U.S. small companies that derive the majority of their revenues within the U.S. are somewhat insulated from the gyrations of the Chinese market and oil prices crumbling. As a barometer for U.S. Small-cap companies, the Russell 2000® Index is down -12.24% year-to-date (based on close 1/20/16).
According to Bloomberg’s latest Monthly Survey Table of U.S. GDP Forecasts (1/14/16): The range of GDP forecast was Low = 0%, High = 3.7%, and Average = 2.4% (83 economists surveyed)
Recently the IMF released their latest World Economic Outlook (WEO) on January 19, 2016. Here are some excerpts…
“Overall activity remains robust in the United States, supported by still-easy financial conditions and strengthening housing and labor markets. But there are also challenges stemming from the strength of the dollar, which is causing the U.S. manufacturing sector to shrink marginally”
“The WEO Update now projects global growth at 3.4% this year and 3.6% in 2017.”
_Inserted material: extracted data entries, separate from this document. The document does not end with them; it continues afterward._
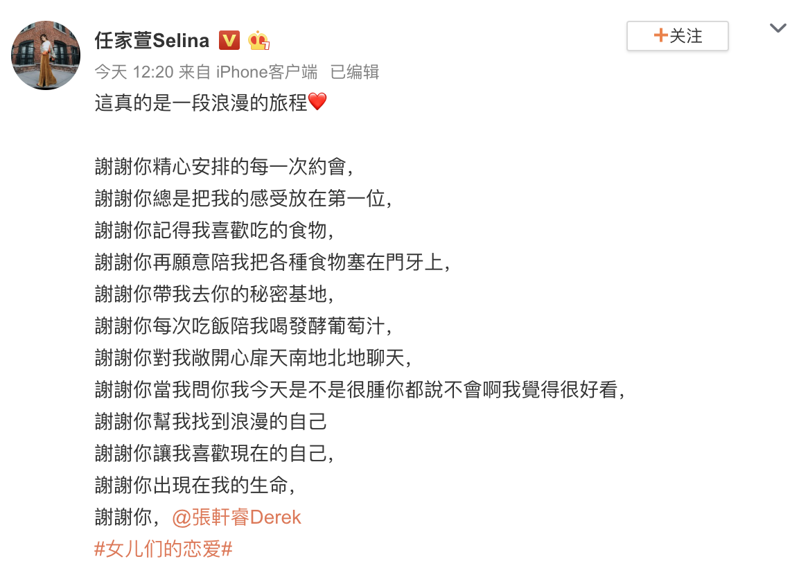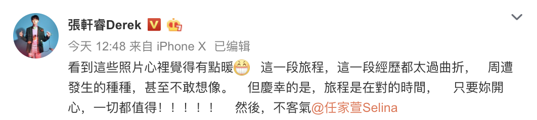 Selina也在今天中午時在微博發文,對於張軒睿這些日子來的貼心事蹟一一的道謝,在最後也寫下:「謝謝你讓我喜歡現在的自己,謝謝你出現在我的生命,謝謝你,張軒睿」,其中五月天的阿信也在下方留言:「beautiful shero」,一起替Selina感到高興。而張軒睿也轉發貼文寫下:「看到這些照片心裡覺得有點暖,這一段旅程,這一段經歷都太過曲折,周遭發生的種種,甚至不敢想像。 但慶幸的是,旅程是在對的時間,只要妳開心,一切都值得!!!!然後,不客氣」,兩人甜蜜的發文閃瞎全網。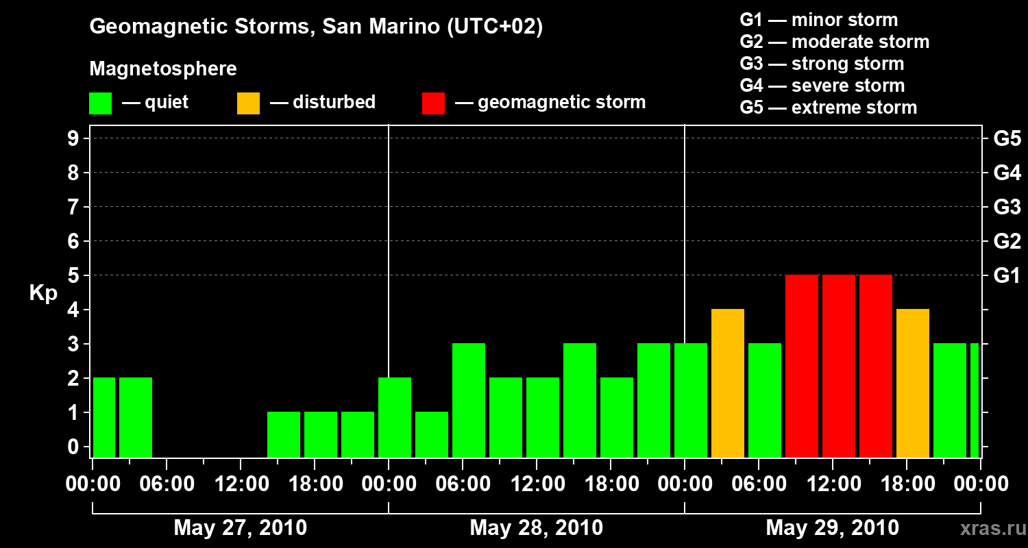 Changes in the geomagnetic index Kp from May 27 to 29, 2010 for mid latitudes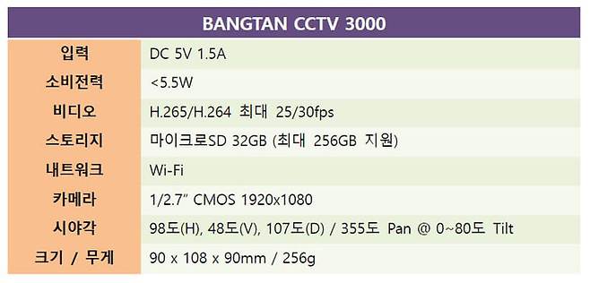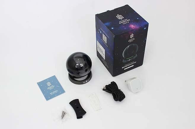 방탄 홈CCTV 3000은 박스에 우주를 배경으로 제품 외형이 컬러로 인쇄되어 있다. 박스 측면에는 제품의 특징을 아이콘 형태로 표시해 한눈에 쉽게 이해할 수 있다.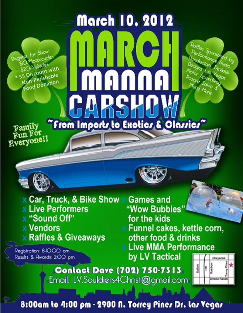 March 10 | March Manna Car Show | $20/car | Flyer | |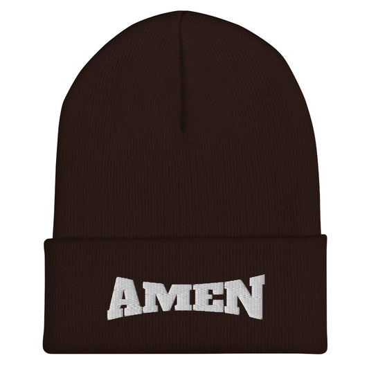 AMEN (The Fighter Collection) Cuffed Beanie Embroidered in White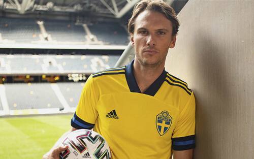 Il colletto, proprio come i polsini delle maniche sono blu scuro. Una striscia blu reale attraversa il centro dei polsini, mentre "Sverige" è scritto nella parte superiore della maglia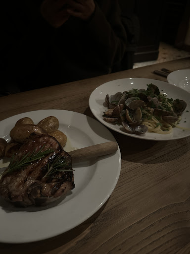 Starter: Prosciutto S. Daniele: good as usual - especially if you are into a bit saltier prosciutto. Mozzarella: rancid, outer layers dried out (past expiration date?). The latter was visible, don’t understand why it was served in the first place. Mains: Tagliata: ordered medium, arrived medium-well (to be kind, could also call it well done). Taste was dull. Pappardelle Gorgonzola: had no taste whatsoever, which is a result rather difficult to achieve using Gorgonzola. Maybe a tiny bit of Gorgonzola with a lot of cream and no salt whatsoever?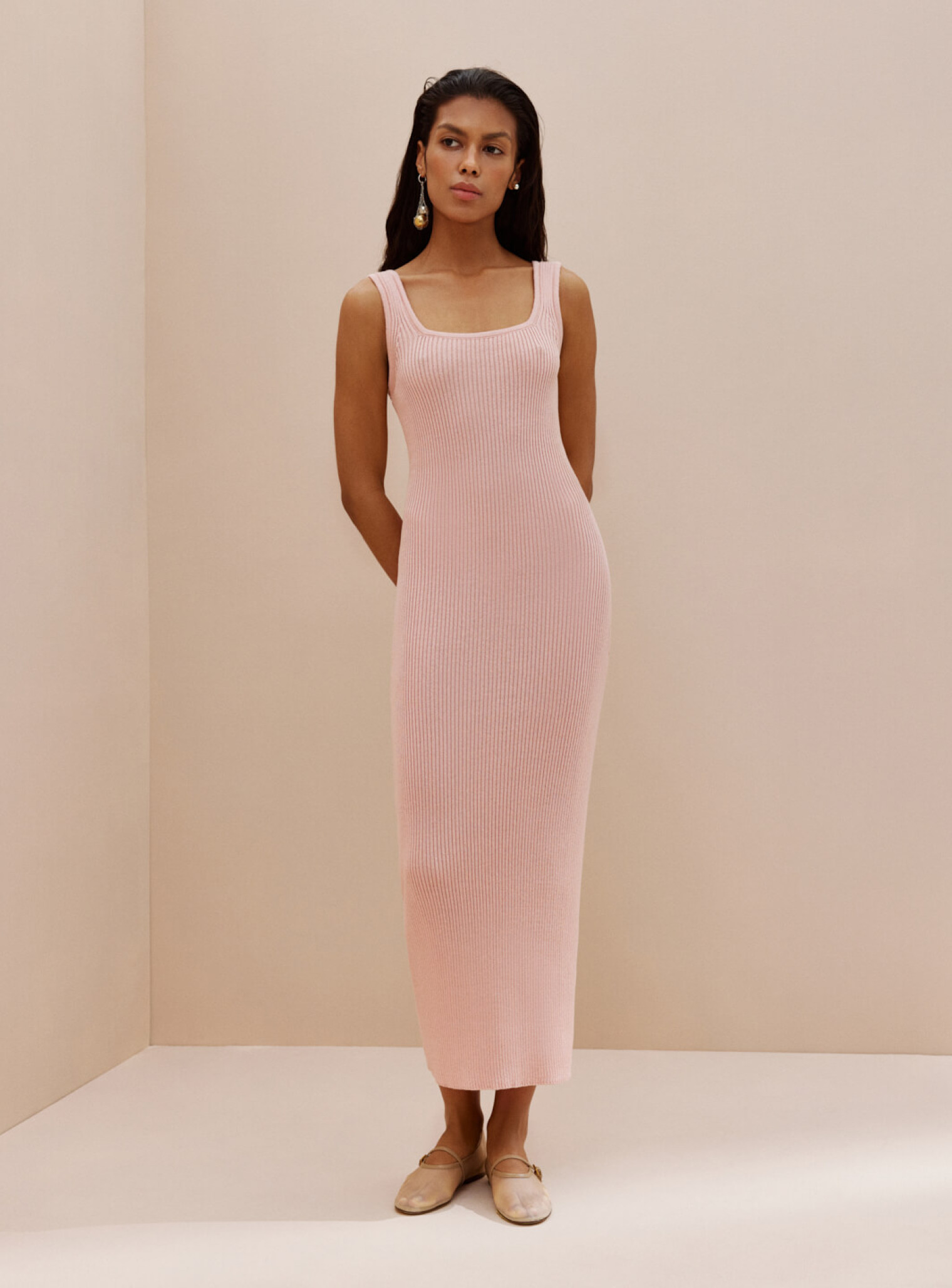 Базовое платье миди с квадратным вырезом, повторяющимся на спине. Выполнено из фактурного трикотажа в резинку, что плавно очерчивает фигуру и вытягивает силуэт. Доступно к заказу в двух вариантах длины. Платье можно стилизовать для повседневной жизни или особых событий, меняя аксессуары.

Considered a gauge for measuring fear in the market, the CBOE Russell 2000 Volatility Index (RVX) climbed from 18.32 to 30.20, a +39.34% move (12/29/15 – 1/20/16). RVX appears to be approaching levels seen during the sell-off last August (RVX at 39.63).
The markets may not always behave rationally and the question is are we heading for a recession or not?
Without a pending recession, RVX which measures the market expectation of 30-day volatility implicit in the prices of near-term Russell 2000 Index options are relatively high and would be expected to revert towards the mean. In 2015, the RVX average was 19.39. Strategies to benefit from declining volatility implied volatility include RUT option spreads i.e. selling Iron Condor, Butterflies, Straddles/Strangles, etc. Trading options/futures on RVX are also available.